Rather than diving right into the implementation, we'll focus here on how the pieces fit together, conceptually, in building an ensemble with `stacks`. See the `basics` vignette for an example of the API in action!

## a grammar

At the highest level, ensembles are formed from _model definitions_. In this package, model definitions are an instance of a minimal [workflow](https://workflows.tidymodels.org/), containing a _model specification_ (as defined in the [parsnip](https://parsnip.tidymodels.org/) package) and, optionally, a _preprocessor_ (as defined in the [recipes](https://recipes.tidymodels.org/) package). Model definitions specify the form of candidate ensemble members.

![A diagram representing "model definitions," which specify the form of candidate ensemble members. Three colored boxes represent three different model types; a K-nearest neighbors model (in salmon), a linear regression model (in yellow), and a support vector machine model (in green).](man/figures/model_defs.png)

To be used in the same ensemble, each of these model definitions must share the same _resample_. This [rsample](https://rsample.tidymodels.org/) `rset` object, when paired with the model definitions, can be used to generate the tuning/fitting results objects for the candidate _ensemble members_ with tune.

![A diagram representing "candidate members" generated from each model definition. Four salmon-colored boxes labeled "KNN" represent K-nearest neighbors models trained on the resamples with differing hyperparameters. Similarly, the linear regression model generates one candidate member, and the support vector machine model generates six.](man/figures/candidates.png)

Candidate members first come together in a `data_stack` object through the `add_candidates()` function. Principally, these objects are just [tibble](https://tibble.tidyverse.org/)s, where the first column gives the true outcome in the assessment set (the portion of the training set used for model validation), and the remaining columns give the predictions from each candidate ensemble member. (When the outcome is numeric, there's only one column per candidate ensemble member. Classification requires as many columns per candidate as there are levels in the outcome variable.) They also bring along a few extra attributes to keep track of model definitions.

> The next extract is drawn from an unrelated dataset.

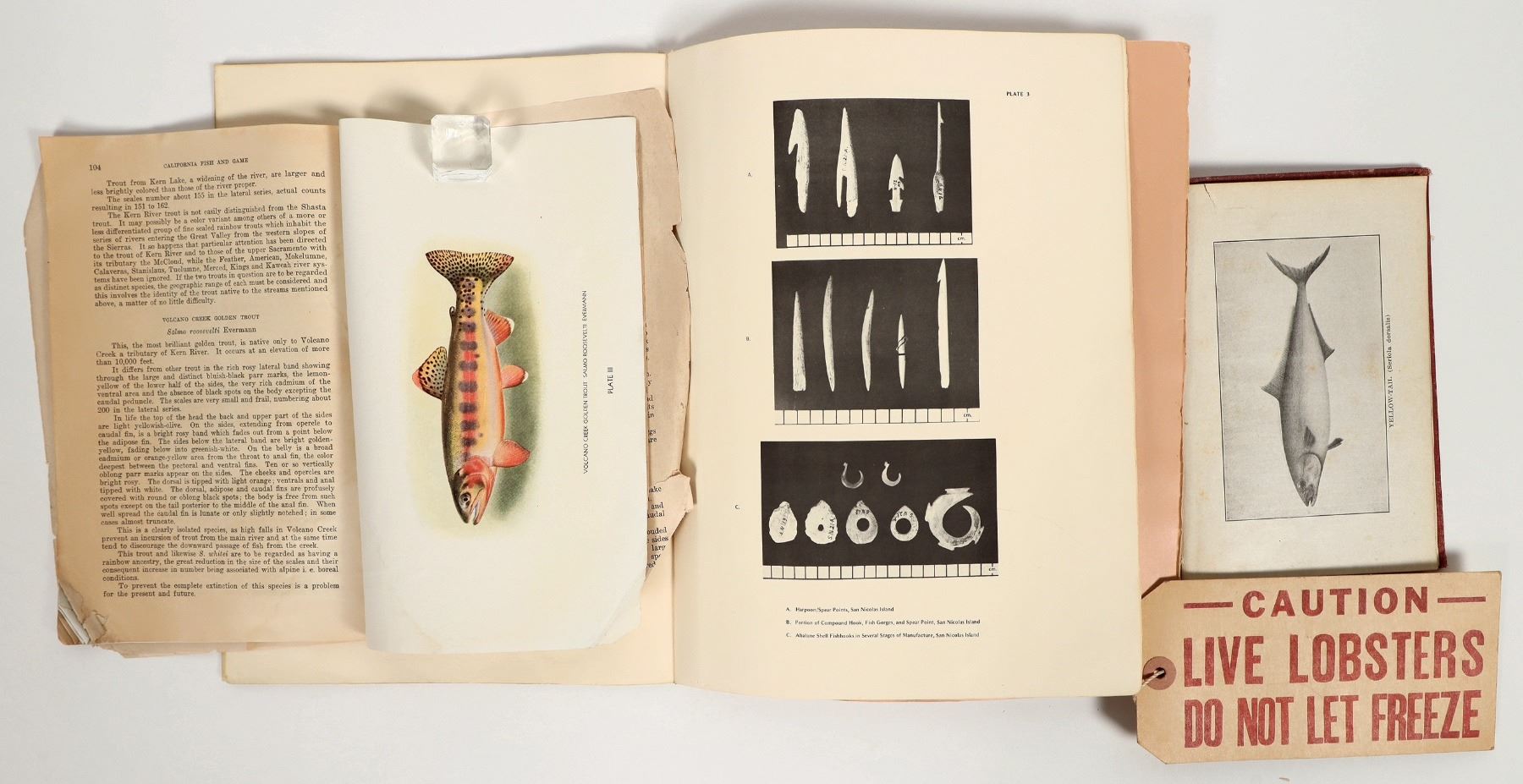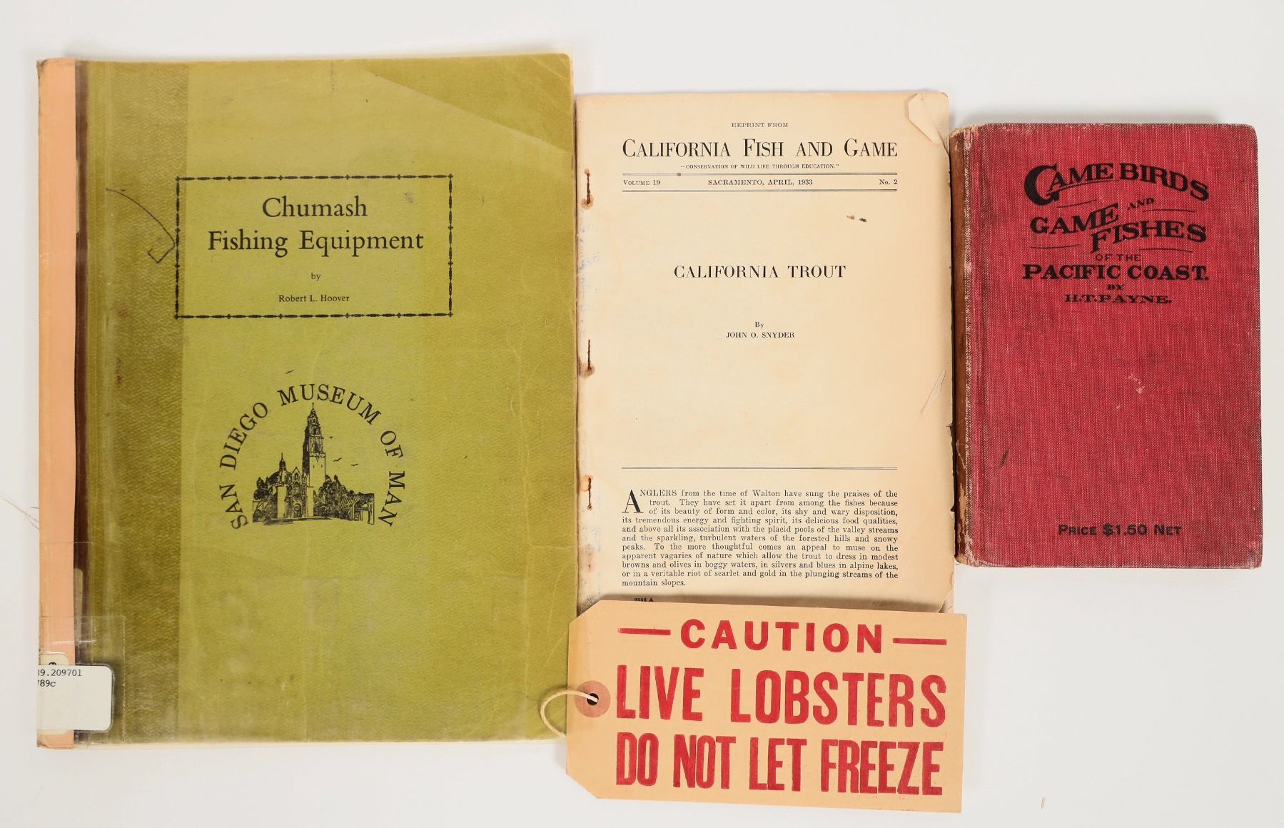 1) Chumash Fishing Equipment by Robert L. Hoover, San Diego Museum of Man. 12pp. 2) Vintage Live Lobsters tag. 3 x 6" 3) Game Birds, Game and Fishes of the Pacific Coast. 1913. HT Payne. 181 pp. Many illustrations. 4) California Fish & Game. 1933 article, California Trout. A few color illustrations.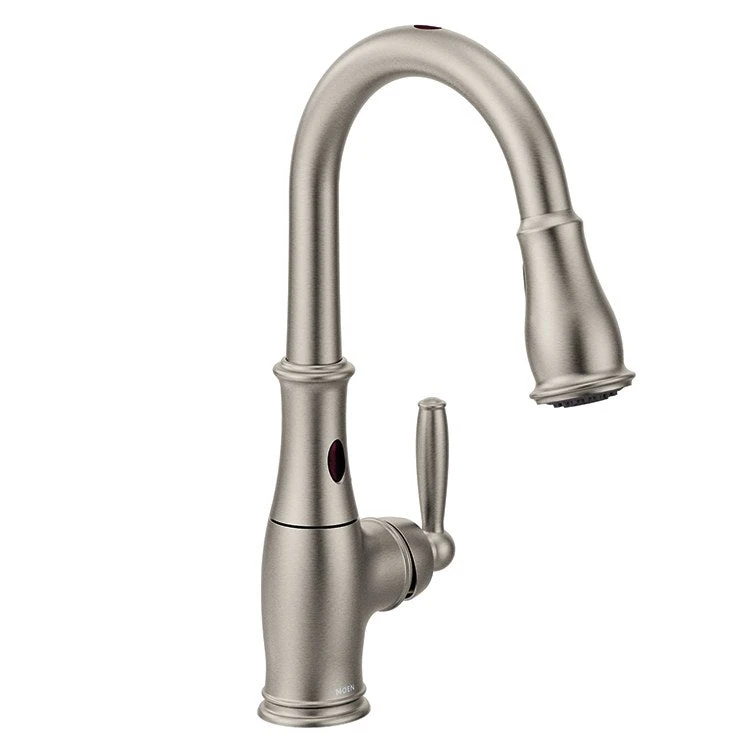 This versatile, single-handle faucet lets you control the faucet hands-free via the wave sensor and the ready sensor, or by manual operation of the single lever handle. The high arc spout rotates 100 degrees for maximum reach and height clearance to fill even large pots. The pull-down wand blends seamlessly with the spout and offers an aerated stream, pause function, and a powerful cleaning rinse. Includes an optional escutcheon for three-hole installation. The faucet features the Duralock quick-connect system for easy installation. MotionSense control unit is powered by six AA batteries (not included) or optional AC power adapter (sold separately). The faucet measures 15-1/2″ high with a 7-7/8″ spout reach.

![A diagram representing a "data stack," a specific kind of data frame. Colored "columns" depict, in white, the true value of the outcome variable in the validation set, followed by four columns (in salmon) representing the predictions from the K-nearest neighbors model, one column (in tan) representing the linear regression model, and six (in green) representing the support vector machine model.](man/figures/data_stack.png)

Then, the data stack can be evaluated using `blend_predictions()` to determine to how best to combine the outputs from each of the candidate members.  In the stacking literature, this process is commonly called _metalearning_.

The outputs of each member are likely highly correlated. Thus, depending on the degree of regularization you choose, the coefficients for the inputs of (possibly) many of the members will zero out—their predictions will have no influence on the final output, and those terms will thus be thrown out.  

![A diagram representing "stacking coefficients," the coefficients of the linear model combining each of the candidate member predictions to generate the ensemble's ultimate prediction. Boxes for each of the candidate members are placed besides each other, filled in with color if the coefficient for the associated candidate member is nonzero.](man/figures/coefs.png)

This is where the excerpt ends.